◆ Directions for this task: With all images omitted, write out the records word for word.

◆ Input data:
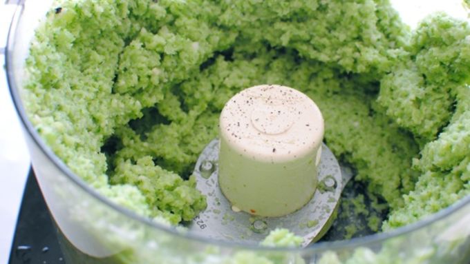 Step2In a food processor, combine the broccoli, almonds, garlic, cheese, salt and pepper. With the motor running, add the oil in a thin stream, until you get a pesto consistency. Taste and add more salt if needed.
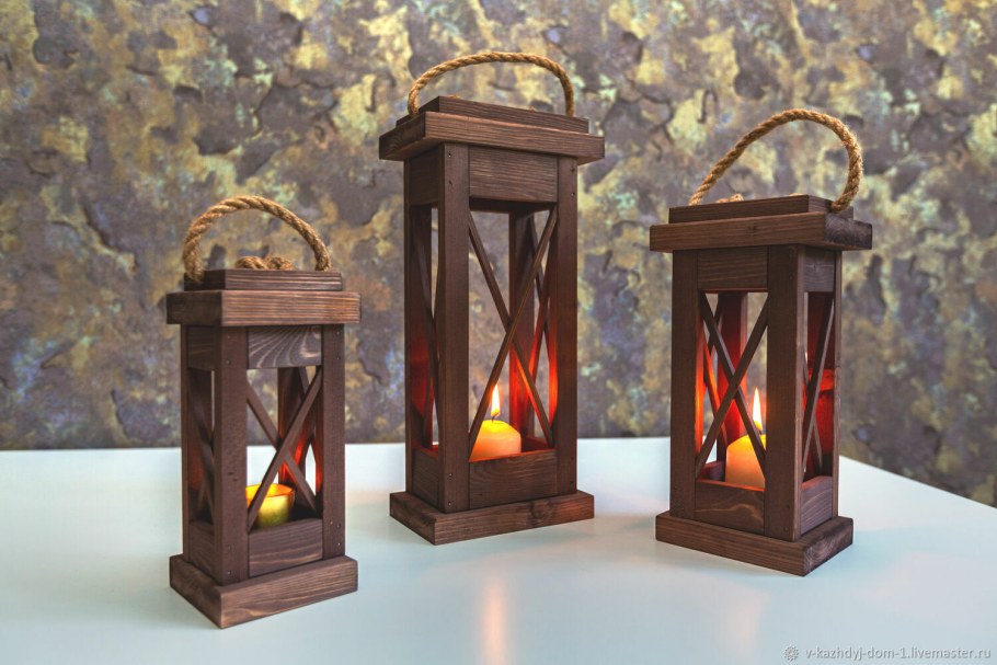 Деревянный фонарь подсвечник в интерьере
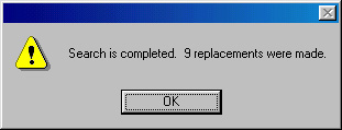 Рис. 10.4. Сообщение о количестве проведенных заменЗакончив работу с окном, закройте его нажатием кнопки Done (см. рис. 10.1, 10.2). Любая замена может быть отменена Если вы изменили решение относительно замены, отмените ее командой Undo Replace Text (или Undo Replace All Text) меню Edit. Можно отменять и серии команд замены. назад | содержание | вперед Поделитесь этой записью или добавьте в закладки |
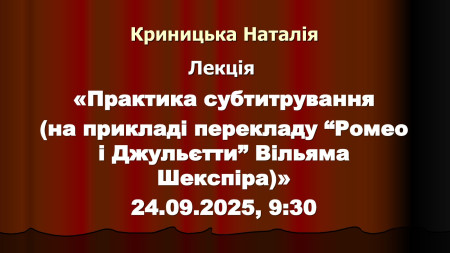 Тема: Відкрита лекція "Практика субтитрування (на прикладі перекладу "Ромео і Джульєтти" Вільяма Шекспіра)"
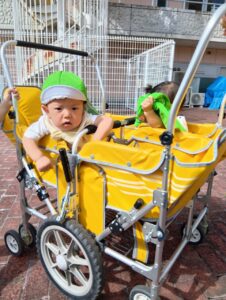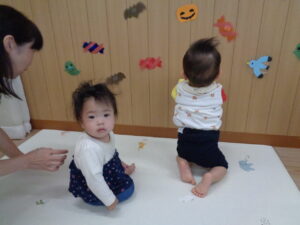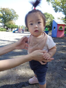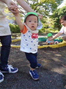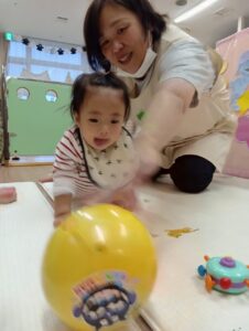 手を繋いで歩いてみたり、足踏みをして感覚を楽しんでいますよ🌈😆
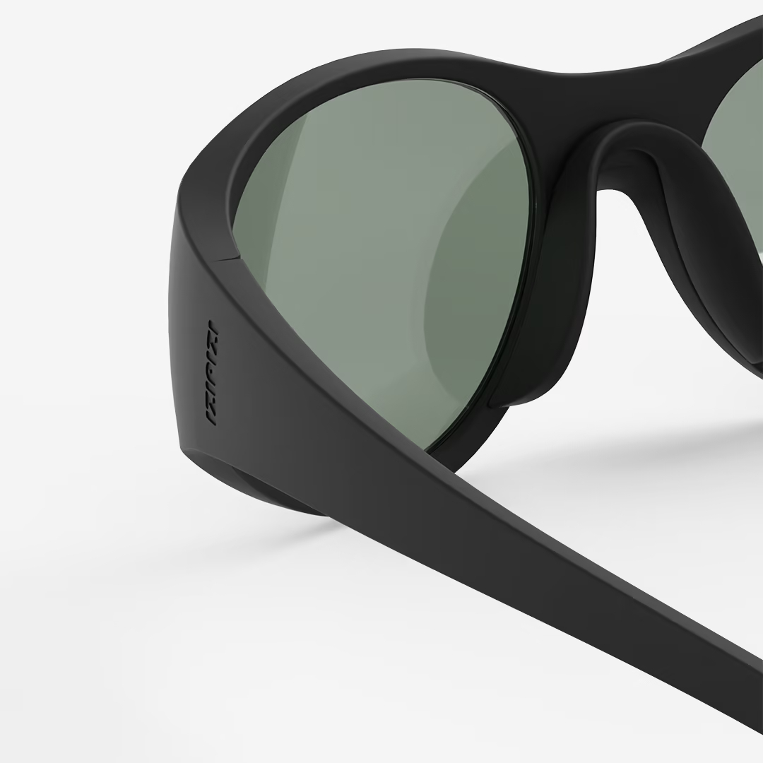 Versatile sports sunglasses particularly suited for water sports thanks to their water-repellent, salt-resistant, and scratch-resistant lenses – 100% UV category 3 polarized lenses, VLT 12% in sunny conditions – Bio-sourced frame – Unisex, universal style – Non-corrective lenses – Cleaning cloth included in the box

◆ Response area:
 Step2In a food processor, combine the broccoli, almonds, garlic, cheese, salt and pepper. With the motor running, add the oil in a thin stream, until you get a pesto consistency. Taste and add more salt if needed.
 Деревянный фонарь подсвечник в интерьере
 Рис. 10.4. Сообщение о количестве проведенных заменЗакончив работу с окном, закройте его нажатием кнопки Done (см. рис. 10.1, 10.2). Любая замена может быть отменена Если вы изменили решение относительно замены, отмените ее командой Undo Replace Text (или Undo Replace All Text) меню Edit. Можно отменять и серии команд замены. назад | содержание | вперед Поделитесь этой записью или добавьте в закладки |
 Тема: Відкрита лекція "Практика субтитрування (на прикладі перекладу "Ромео і Джульєтти" Вільяма Шекспіра)"
 手を繋いで歩いてみたり、足踏みをして感覚を楽しんでいますよ🌈😆
 Versatile sports sunglasses particularly suited for water sports thanks to their water-repellent, salt-resistant, and scratch-resistant lenses – 100% UV category 3 polarized lenses, VLT 12% in sunny conditions – Bio-sourced frame – Unisex, universal style – Non-corrective lenses – Cleaning cloth included in the box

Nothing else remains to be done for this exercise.